I was watching truelife I'm transgendered. This tranny already got a date a week after getting a vagina. I've had a vagina my entire life and can't get a date.
Who the hell brings a 6pack to a party. I'm trying to make mistakes.
the problem with open bar is i never know what to get
did you really just start a sentence with "the problem with open bar is..."
You need to get here now. Before they realize I'm not puerto rican.
I miss the time when Mondays weren't the new Thursdays. I can't drink like my 17 year old self anymore.
He led me to his room and handed me the remote, he left to go take a shower and there is a group of guys across the hall just staring at me... Its like they know something i dont. Help me.
Its not that I don't mind giving her as much as my penis as she wants, its the post sex cigarette I have to supply. Shits $9 a pack.
Put a tip jar next to your bed from now on.
Your good ideas are reason #4 we need to live together.
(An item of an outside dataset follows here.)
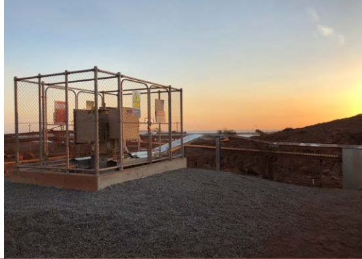
Transformer and HV Cable Replacements Category: E&I Installations Type: Procure, Construct, Commission Inc Civil & Mechanical Services

I just caught myself watching and Irish step dance documentary in my underwear drinking nyquil through a straw at 2 in the afternoon. today's off to a good start.
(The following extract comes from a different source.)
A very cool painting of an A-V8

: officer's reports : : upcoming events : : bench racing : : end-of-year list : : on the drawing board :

Breakfast Clubbing as Juggalos. I can feel our IQs in freefall.
I beer bonged before it even hit 4 o' clock. Please get on my level homecoming style.
If u ever apologize to me for "too-rough" sex again I will suspend ur all-access pass to my vagina indefinitely
We were getting fries and you hopped the counter and yelled "WELCOME TO GOOD BURGER HOME OF THE GOOD BURGER" and threw up
you made cordon bleu at 4am and declared you were Marshall Stewart
Do you ever get so high you're like vibrating
I love FaceTime, every time you ring me the morning after its like I went home with your one night stand too.